Basically, we have a couple of processes that have a system stage that every certain time (for example every 5 hours - using Timed Event: When Folder Last Updated), tries to see if a value in another database is available and if it is available, the folder moves on to the next stage, if not it will stay there and wait repeat the process. If after a certain amount of attempts, the information is not retrieved it will inform the users.

We have the processes working, but every know and then (I would say 2/50 folders) the folders stay stuck in the stage, and obviously these will not notify users,move to the following stage, nor write the record on the ewait table.

From previous post I've read that sometimes the engine fails and the record is not created in the ewait table, therefore the folders stay stuck in these stages, so we have to manually move these folder with an user action.

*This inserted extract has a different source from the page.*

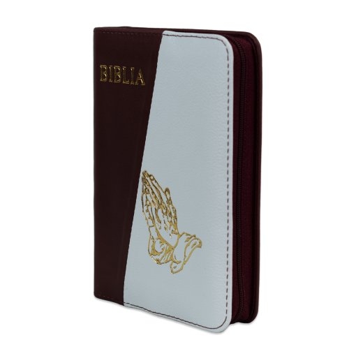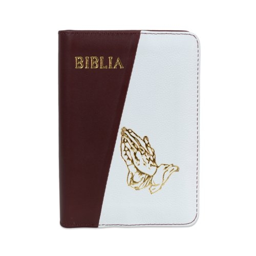Biblia format mic, din piele, culoare, bordo cu alb, index, simbol maini, fermoar, margini argintii, cuv. lui Isus in rosu [047 PFI]

So here are my primary questions:

Why does the engine fail to write these timed or conditional actions? Is there a way to prevent it?
On the other hand, is there a way to set a second timer (based on the Last Update Time) in case the first one fails?

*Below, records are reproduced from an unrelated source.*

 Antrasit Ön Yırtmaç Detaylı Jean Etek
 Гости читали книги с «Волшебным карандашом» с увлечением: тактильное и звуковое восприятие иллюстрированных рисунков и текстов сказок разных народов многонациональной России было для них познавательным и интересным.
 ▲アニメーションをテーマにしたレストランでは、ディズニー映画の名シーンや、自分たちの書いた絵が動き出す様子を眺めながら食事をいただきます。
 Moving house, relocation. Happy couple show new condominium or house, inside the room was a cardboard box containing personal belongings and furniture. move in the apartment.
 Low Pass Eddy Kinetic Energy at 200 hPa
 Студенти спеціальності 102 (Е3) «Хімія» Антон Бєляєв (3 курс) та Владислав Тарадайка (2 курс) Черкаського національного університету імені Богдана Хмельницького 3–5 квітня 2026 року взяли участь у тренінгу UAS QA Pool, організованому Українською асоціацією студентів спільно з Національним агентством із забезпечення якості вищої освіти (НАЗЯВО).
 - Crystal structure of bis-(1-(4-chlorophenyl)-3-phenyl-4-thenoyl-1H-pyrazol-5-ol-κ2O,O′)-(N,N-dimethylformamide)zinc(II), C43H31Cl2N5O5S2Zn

Thanks in advance for any given suggestions!

Find more posts tagged with

BPM

Comments

Richard Burt

We have had a similar situation. A folder is due to be updated 5 minutes after 'folder last updated' time. Occasionally when this action fires the folder will be involved in a deadlock on the eFolder table in the database. Therefore the action rolls back and the folder was then just stopping where it was.

Our solution was to create a duplicate of the action but timed for 10 minutes after 'folder last updated'. If the first action fails to commit then the folder last updated time remains the same therefore the second action will fire a few minutes later (and it can only be reached if the first one fails).

So far this seems to have done the trick.

Rick.

David Conrads

We have had steady issues with this too, always deadlock related. I'll echo what Rick said, we also put a second timer in on system stages where we don't expect the folder to stop and hang out. We have them firing every 15 minutes, and for the most part that works. However, we had to go a step further for a couple reasons. First, the secondary timers are also susceptible to deadlocks and can fail in the same way. Second, there is a way to fix the deadlock issue (I'll explain) but we weren't will to accept the performance drop. So we ended up building a nightly ECL batch process that queries for these stuck folders and fires a simple loopback action (with rebuild todo list option) on them. This closes the gap completely.

Assuming you're using SQL Server and deadlocks are your underlying issue (check elog for one of the affected folders), you can do two things to help with that. First you can set the transaction isolation on the Metastorm database to be READ_COMMITTED_SNAPSHOT. We did this and it cut down the number of deadlocks by about 90%. You can also set MAXDOP=1 on your SQL server instance which should completely resolve the deadlocks, but also makes your database run on a single CPU. We didn't do that because we'd rather deal with the deadlocks than degrading performance.